Marketed by Biogen, Tecfidera is an oral DMT approved to treat relapsing MS. It is thought to work by lowering inflammation and oxidative stress — cell damage caused by high levels of oxidant molecules.

While its favorable benefit-risk profile in adults with RRMS has been extensively shown in both clinical trials and real-world studies, evidence of its safety and effectiveness in pediatric patients is limited.

The Biogen-sponsored, and international FOCUS Phase 2 study (NCT02410200) evaluated Tecfidera’s safety, pharmacokinetics (its movement into, through, and out of the body), and effectiveness in 22 pediatric patients, ages 13–17, with RRMS.

Results from the 20 participants who completed the six-month treatment showed that the therapy significantly reduced the number of new or enlarging brain lesions. Its safety and pharmacokinetics profiles were also consistent with those observed in adult patients.

After finishing FOCUS, all 20 patients chose to enter its long-term, extension study, called CONNECTED (NCT02555215), in which they continued to receive Tecfidera (240 mg twice daily) for an additional two years.

Newly published data concern the final CONNECTED’s results. The trial’s main goal was to assess several safety measures, while secondary goals included changes in brain lesions, MS relapse frequency — assessed through the annualized relapse rate (ARR) — and disability, based on patients’ scores on the expanded disability status scale (EDSS).

At enrollment, most participants were girls (65%) ages 17 or 18 (65%). About half of them had received previous MS treatment before entering FOCUS, with the most common (35%) being Rebif (interferon beta-1a).

These pediatric patients were given Tecfidera for a median of 99.4 weeks (nearly two years) on FOCUS and CONNECTED combined, with a high treatment compliance. Seventeen of the initial 20 enrolled (85%) completed the CONNECTED extension study; three withdrew after new brain lesions were detected on MRI scans.

Results showed that 71% of participants with MRI data from weeks 16–24, and 80% of those with available data from weeks 64–72 had no new or enlarged brain lesions. Tecfidera was also associated with a continued reduction in relapses and ARR.

Patients’ ARRs dropped from 1.5 annual relapses in the year prior to FOCUS entry, to 0.6 during FOCUS, and 0.1 across CONNECTED. During the full 2.5 years of treatment, the ARR was 0.2, representing an 84.5% reduction relative to the year before Tecfidera initiation.

EDSS scores also remained generally low (no or minimal disability) and stable. Three (15%) participants showed signs of disease progression.

There were no unexpected observations regarding adverse events, clinical laboratory parameters, or vital signs.

Adverse events were reported for most (90%) patients, with the most common being flushing (25%). The majority of these side effects were mild or moderate. Three patients had four serious adverse events, but none led to treatment discontinuation.

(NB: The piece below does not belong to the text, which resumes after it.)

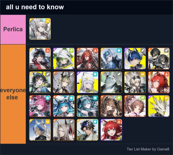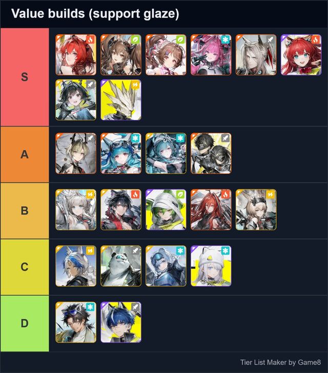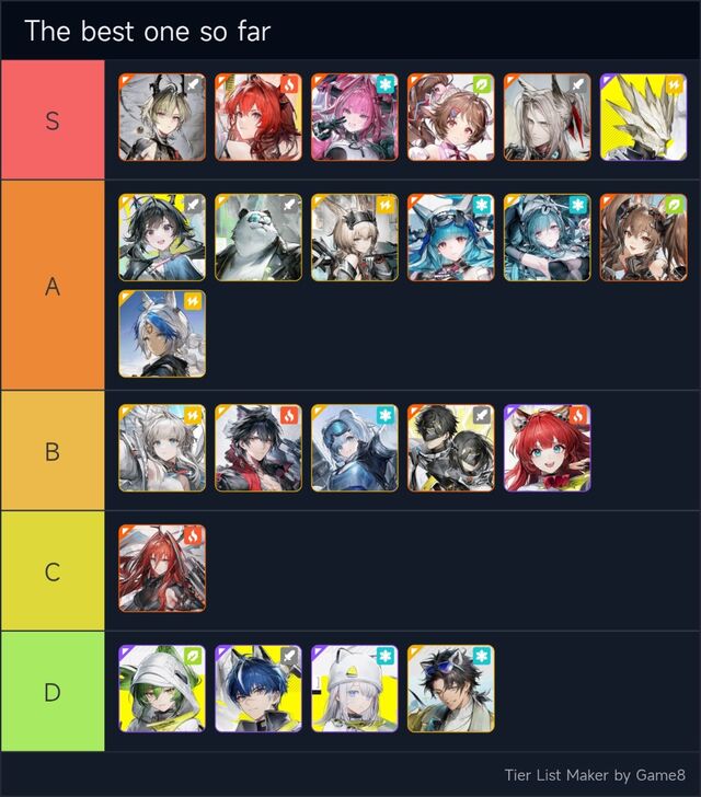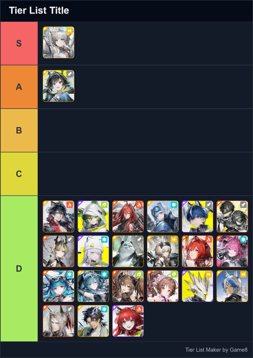 Note I have not played every character, but relatively from what I've seen from other comps I'd say it's around here, with even a chance Akekuri being able to even be A, as she's really good with Laevatain, I just lowered her to B cause I don't find her as good as Wulfgard and Ardelia which are the other 2 in Laevatain's team, as for Yvonne I been playing her with Alesh, Flourite and Ardelia (was with Xaihi before getting Ardelia) and she still felt strong without having Gilberta and Last Rite.

Taken together, Tecfidera’s long-term safety and effectiveness data “confirmed and extended the findings from the 24-week FOCUS study,” the researchers wrote. They were also consistent with those reported in adults, “suggesting pediatric and adolescent patients with MS might benefit from [Tecfidera] treatment,” the team added.

The researchers also noted that results from an ongoing Phase 3 trial (NCT02283853) evaluating the safety and effectiveness of Tecfidera against Rebif in 156 MS patients, ages 10–17, may help in further establishing Tecfidera’s suitability for pediatric patients.